Barbara A. Smith, under appointment by the Court of Appeal, for Defendant and Appellant. Xavier Becerra, Attorney General, Gerald A. Engler, Chief Assistant Attorney General, Julie L. Garland, Assistant Attorney General, Robin Urbanski and Brendon W. Marshall, Deputy Attorneys General, for Plaintiff and Respondent.

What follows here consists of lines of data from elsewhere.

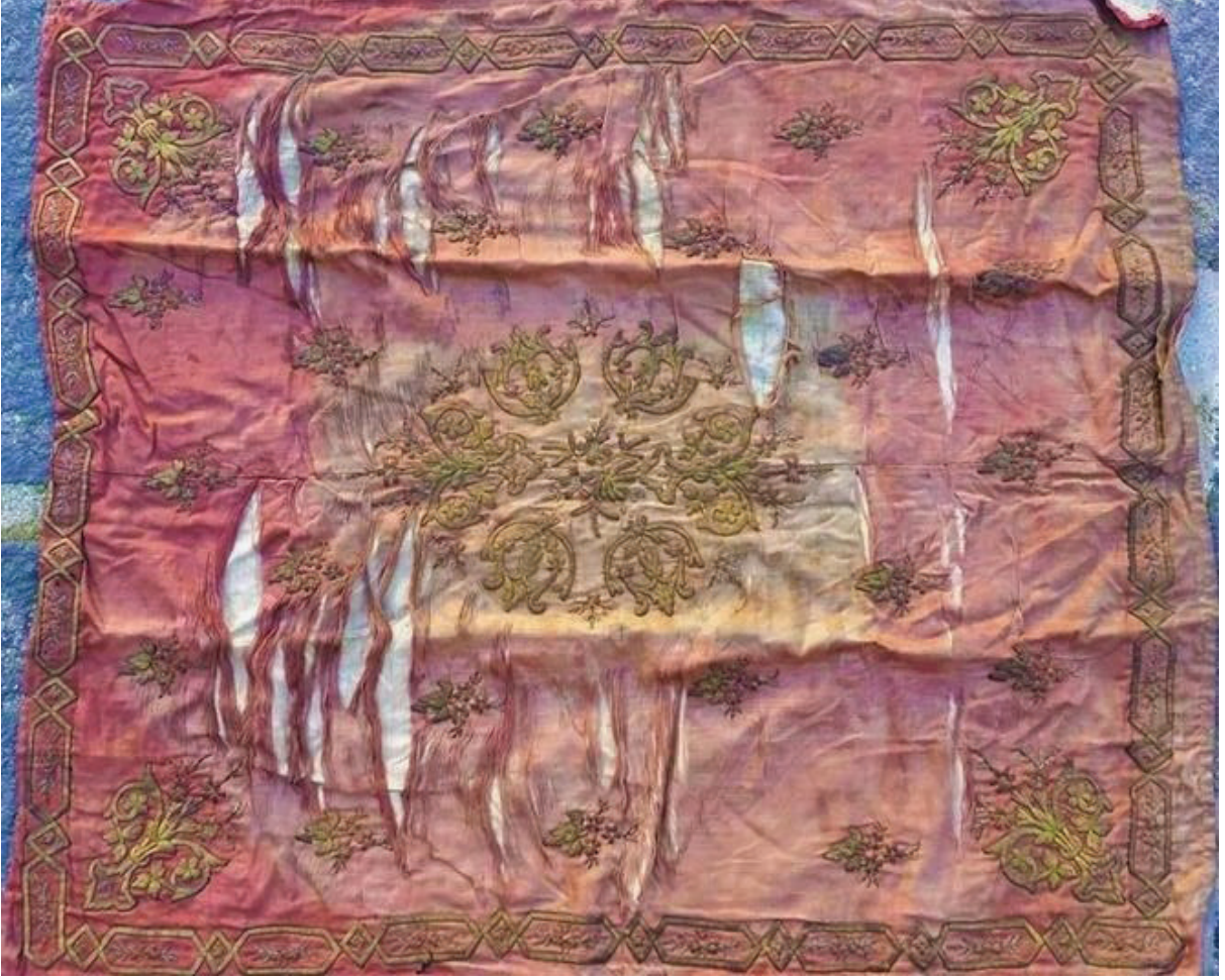
Fotoğraf 16: Bohça, Afyonkarahisar Mevlevihâne Müzesi.

kıvrımlı dallar bulunmaktadır. Bohçanın atlas kumaşının yeşil rengi solarak sarıya dönmüştür. Kumaşta sökülmeler mevcuttur.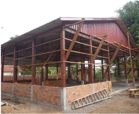
Avancées de la construction du bâtiment où seront accueillis les jeunes apprentis.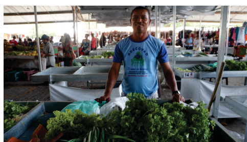
Doação de 60 barracas para agricultores familiares com espaço próprio na feira livre.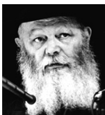
(י' שבט ה'תשנ"ב)

ידוע ומפורסם בתפוצות ישראל מכמה וכמה שנים על דבר המנהג שיבימי בין המצרים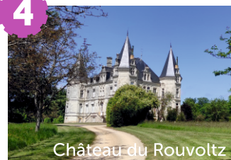
Château du Rouvoltz

Le château du Rouvoltz est une ancienne maison de maître construite au XVIII ème siècle et attribué à Delarue. Il servit aussi d'hôpital militaire pendant la guerre de 1914-1918.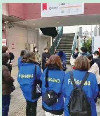
パトロール前の打ち合わせ

地域の青少年指導員が中心となって通学路や公園をまわり、子どもたちに声かけをしたり、危険なところがないか確認しています。学校の先生、校外委員が参加することもあります。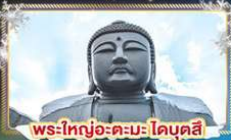
พระใหญ่อะตะมะ โดบุตสึ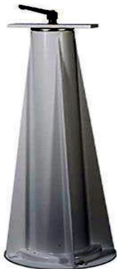
base di appoggio "DP" altezza circa 1 mt

La fotoelettrica viene fornita con la base "D" sopra raffigurata possono essere fornite le versioni alternative di seguito rappresentate. Eventuali soluzioni personalizzate possono essere prese in esame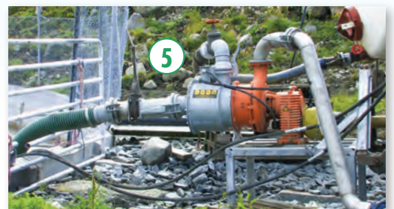
Innblanding av vann direkte i gjødselstrømmen.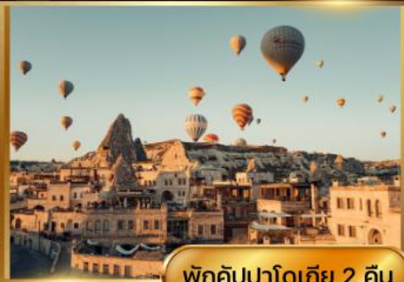
พิกคิปปาโดเกีย 2 คืน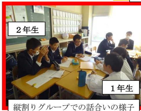
縦割りグループでの話し合いの様子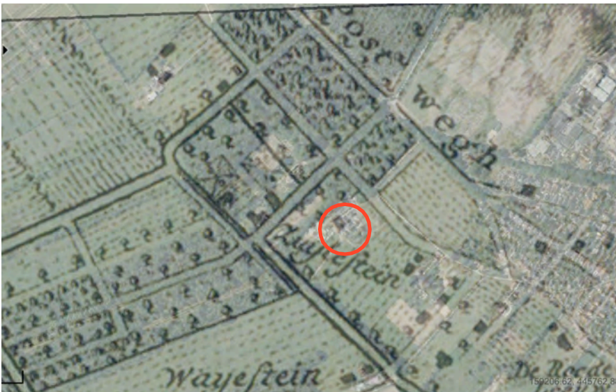
Figuur 1: de historische verhouding tussen landgoed en agrarische erf bebouwing

Door een historisch sterk verweven relatie van het agrarisch erf op het landgoed dient deze erfrelatie geïnterpreteerd te worden in samenhang met de hoofdbebouwing van Zuylestein. Het agrarisch bedrijf is door een langdurig en zelfs historisch verweven ligging, een visueel herkenbaar onderdeel van het landgoed ensemble (zie Figuur 1+2).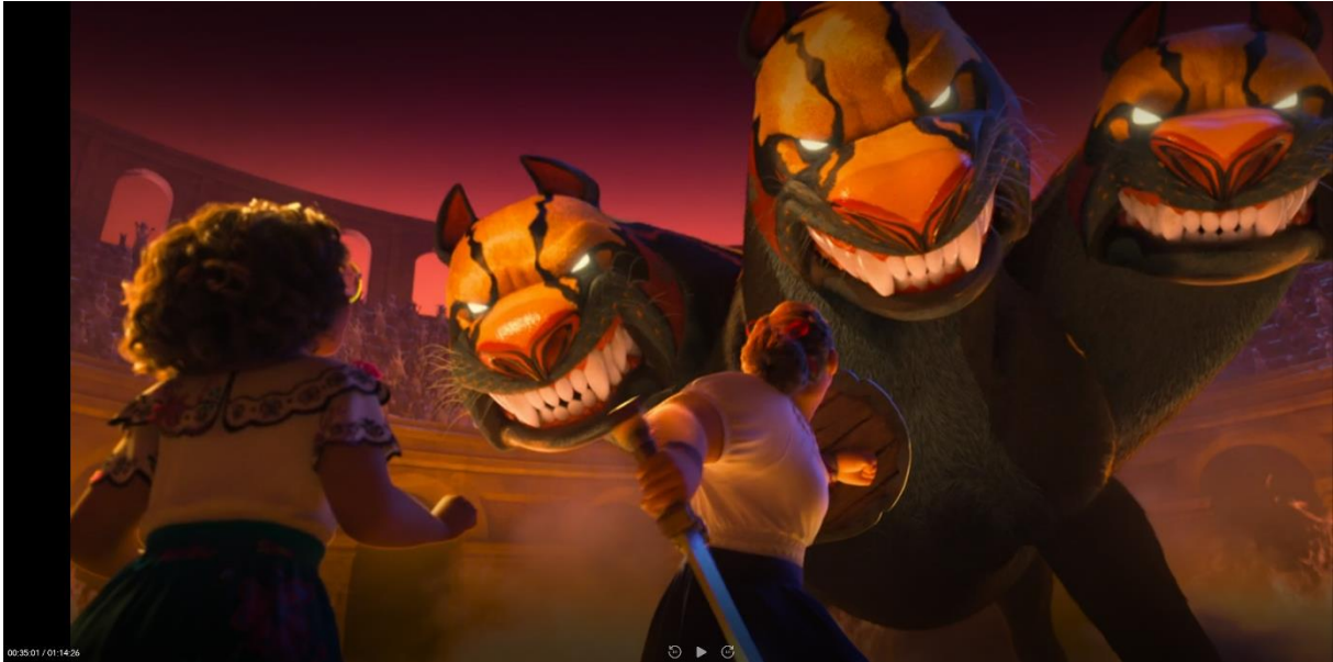
Afbeelding 5 Encanto . Geregisseerd door Howard en Byron, 00:35:01, Walt Disney Animation Studios, 2021, Amerika.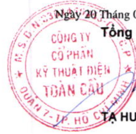
TẠ HUY PHONG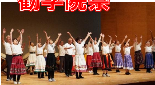
1年生は伝統の『太鼓』に加えて、フォークダンスに挑戦し、華やかなステージに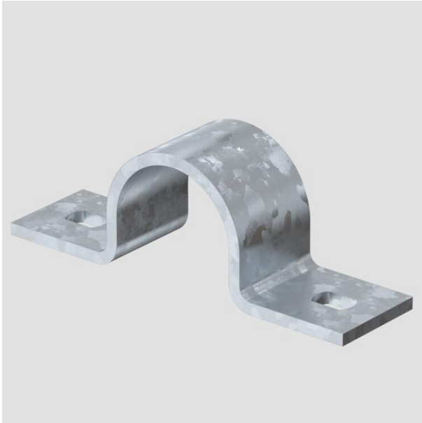
Befestigungsschelle zweilappig 32mm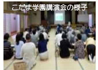
こだま学園講演会の様子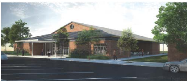
ST. DOMINIC CATHOLIC CHURCH NEW PARISH HALL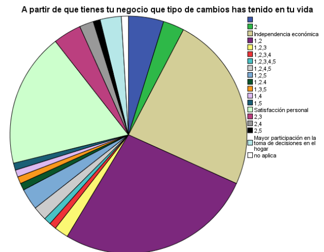
Gráfica 3: Cambios en las vidas de las mujeres al tener un negocio propio.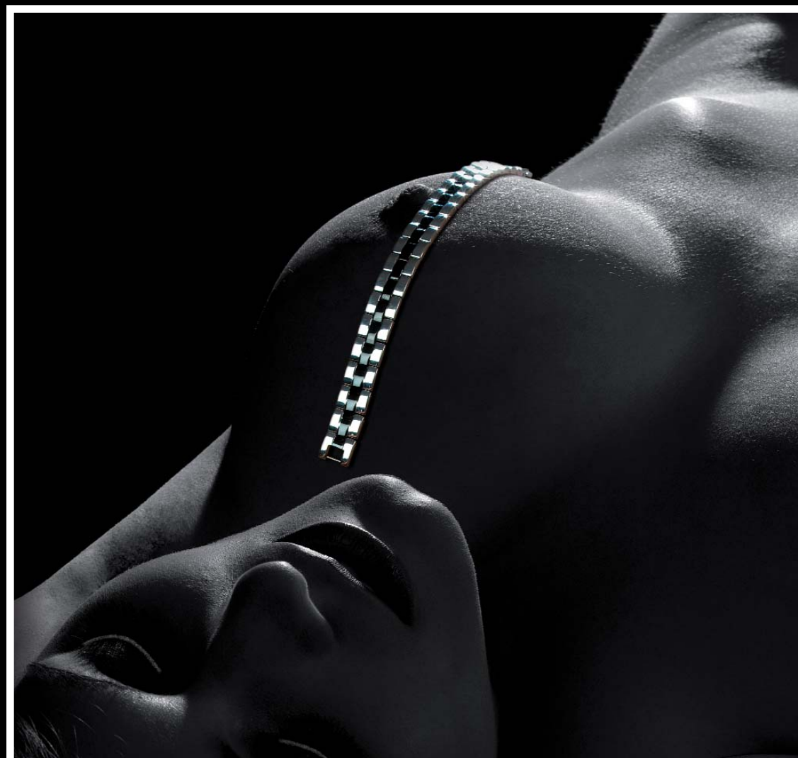
HERREN-ARMBAND schwarz/edelstahl 20,5 cm länge Artikelnummer: 19092 € 173,-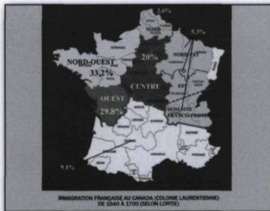
Immigration française au Canada (colonie Laurentienne) de 1640 à 1700 (selon Lortie).

La conséquence est que le français du Québec a été marqué d'abord par l'influence de la Normandie et du Perche, puis par celle des provinces de l'Ouest; celle du Centre s'est exercée pendant tout le XVII e siècle, notamment à travers la langue des représentants de l'administration métropolitaine en poste à Québec. Le français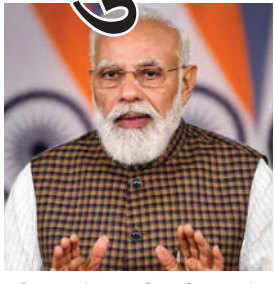
ઓનલાઈન અને ઓફલાઈન શિક્ષણ આ પ્રકારે વિકસિત કરવામાં આવે કે સ્કૂલે જતા

(જી.એન.એસ)નવીદિલ્હી,તા.૦૮ પીએમઓ તરફથી જાહેર કરવામાં આવેલા એક નિવેદનમાં પ્રધાનમંત્રીએ કહ્યું કે, સ્કૂલ છોડી ચૂકેલા બાળકોને ફરીથી મુખ્ય ધારામાં સામેલ કરવાથી લઈને ઉચ્ચ શિક્ષણમાં મલ્ટિપલ એન્ટ્રી એન્ડ એકિઝટની વ્યવસ્થા શરૂ કરવા માટે ઘણા બધા ટ્રાન્સફોર્મેટ સુધારાઓ કરવાની પહેલ કરવામાં આવી છે. જે દેશની પ્રગતિમાં અસરકારક સાબિત થશે. બેઠક દરમિયાન પ્રધાનમંત્રીને રાષ્ટ્રીય સંચાલન સમિતિ હેઠળ તૈયાર કરવામાં આવી રહેલા રાષ્ટ્રીય પાઠ્યક્રમ રૂપરેખાની પ્રગતિની જાણ કરી. આ દરમિયાન તેમણે કહ્યું કે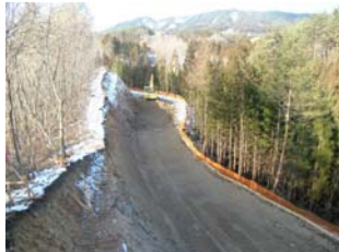
▲ 乙部野地区工事用道路新設状況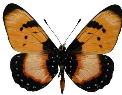
anemosa, verso, Chikweta, Mahenge, Tanzanie MNHN (Cat EB).jpg anemosa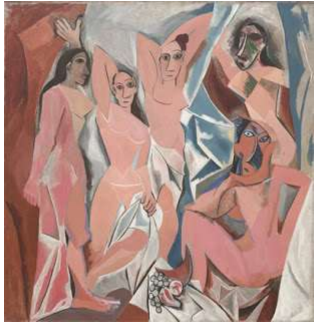
Slika 9. Picasso, "Gospođice iz Avignona" (Les Demoiselles d'Avignon) (1907.)

Pablo Picasso preveo je Gauguinove slike žene na sljedeći korak. Njegovo djelo je bilo nevjerojatno inventivno; niti jedan umjetnik od tada nije uspio revolucionirati slikarstvo onako kako je on to činio. Bio je kreativni genij na način na koji su konzervativci često otporni da mu daju zasluge. Poznao je klasičnu tehniku i anatomiju što se vidi po njegovim ranijim radovima prije 1906-te godine. Međutim, Picasso je uskoro krenuo u drugom smjeru. Iako je Gauguinov rad ostao u osnovi reprezentativan, njegove su figure bile pomalo androgine 6 .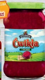
Cwikła z chrzanem 315 ml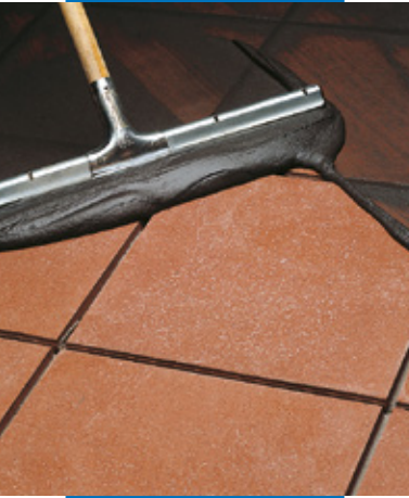
Stuccatura di pavimento in cotto con racla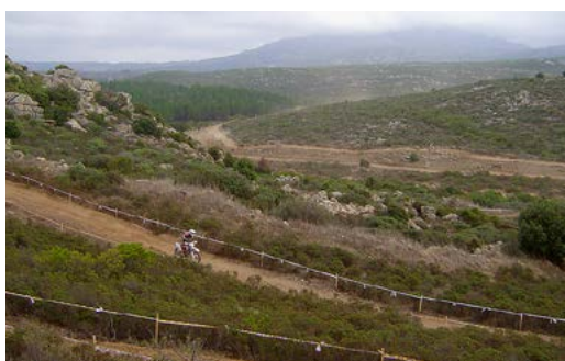
Sonderprüfung / Special Test in der typischen Vegetation der Gallura.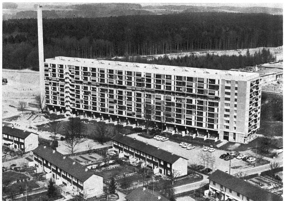
Überbauung Bethlehemacker, Scheibenhäuser S2. Eigentümerin: Siedlungsgenossenschaft der Holzarbeiter-Zimmerleute des SBHV und Private. Bezug 1969/70. Die Einfamilienhäuser vorn gehören der vorgenannten Baugenossenschaft und der Familienbaugenossenschaft Bern. Mietzinse im Scheibenhäuser: 4-Zimmer-Wohnungen brutto ab Fr. 530.– pro Monat.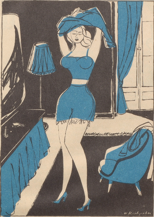
«Sovill ich vo de Geometrie versctaa, lat sich de Inhalt vo dere Trapez-Mode nu bewiise dur sNégligé.»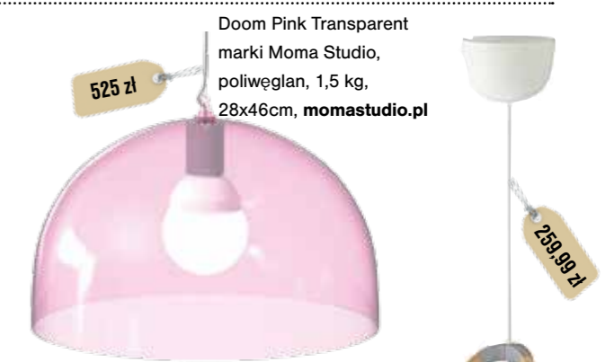
Doom Pink Transparent marki Moma Studio, poliwęglan, 1,5 kg, 28x46cm, momastudio.pl

Ciemny fiolet jest mocnym kolorem, ale w towarzystwie bieli i w jasnym pokoju bardzo dobrze się sprawdza. Filcowy kot marki Lilyshop jest dodatkowym siedziskiem (ze sklepu Walma dla domu – tylko polski design).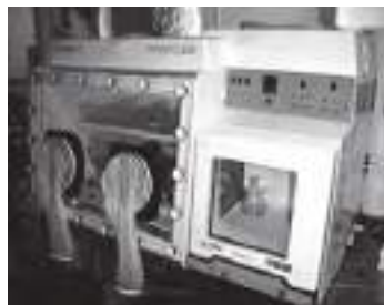
低酸素細胞培養装置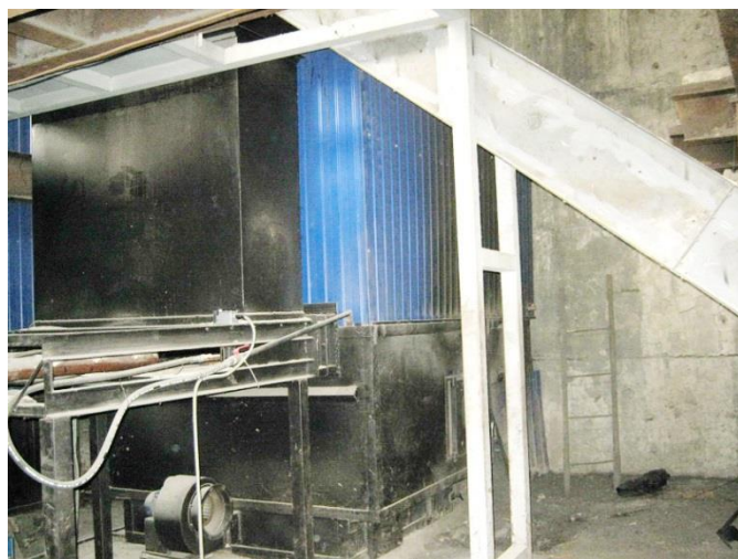
Рисунок 1.2.12 – Котел КВМ-2,0 в котельной 21 квартала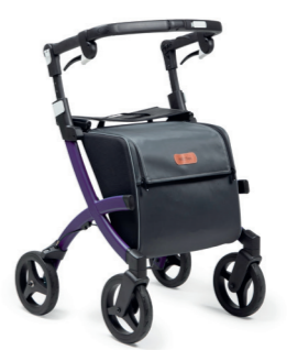
ID 276224 (Pebble White), ID 276225 (Matt Black), ID 276226 (Dark Purple), ID 276227 (Jungle Green)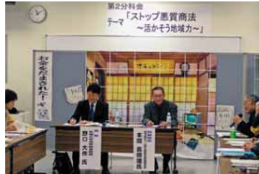
昨年開催した「さっぽろ消費者のつどい2008」での見守りネットワークづくりでの討議模様

消費生活みまもり協力員は、過去に消費者センターなどで相談員の経験のある人などに委嘱。各区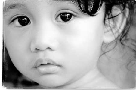
Gambar 13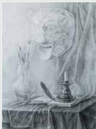
▲ М. Катаран. Натюрморт з гіпсовою маскою. Папір, олівець, 60х40. 2009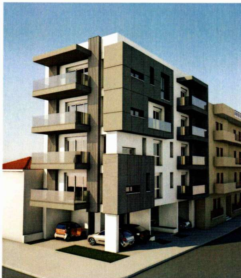
ΤΡΙΣΔΙΑΣΤΑΤΗ ΑΠΕΙΚΟΝΙΣΗ ΜΕΛΕΤΗΣ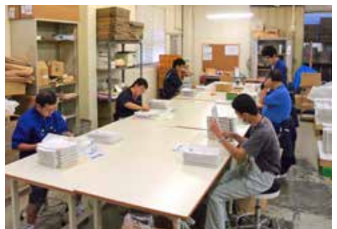
「あゆみ」での作業の様子

「サポートセンターあゆみ」とあわせ2拠点体制で障害者の能力開発に取り組み同社だが、今後は同施設で知識や能力を身につけた利用者、一般企業での就労など、人生を歩んでいく上での選択肢を増やせるような支援を目指している。

NOT TO BE PUBLISHED IN OFFICIAL REPORTS
California Rules of Court, rule 8.1115(a), prohibits courts and parties from citing or relying on opinions not certified for publication or ordered published, except as specified by rule 8.1115(b). This opinion has not been certified for publication or ordered published for purposes of rule 8.1115. (Super. Ct. No. 13HF3224) OPINION Appeal from a judgment of the Superior Court of Orange County, Steven D. Bromberg, Judge. Affirmed. Barbara A. Smith, under appointment by the Court of Appeal, for Defendant and Appellant. Xavier Becerra, Attorney General, Gerald A. Engler, Chief Assistant Attorney General, Julie L. Garland, Assistant Attorney General, Robin Urbanski and Brendon W. Marshall, Deputy Attorneys General, for Plaintiff and Respondent.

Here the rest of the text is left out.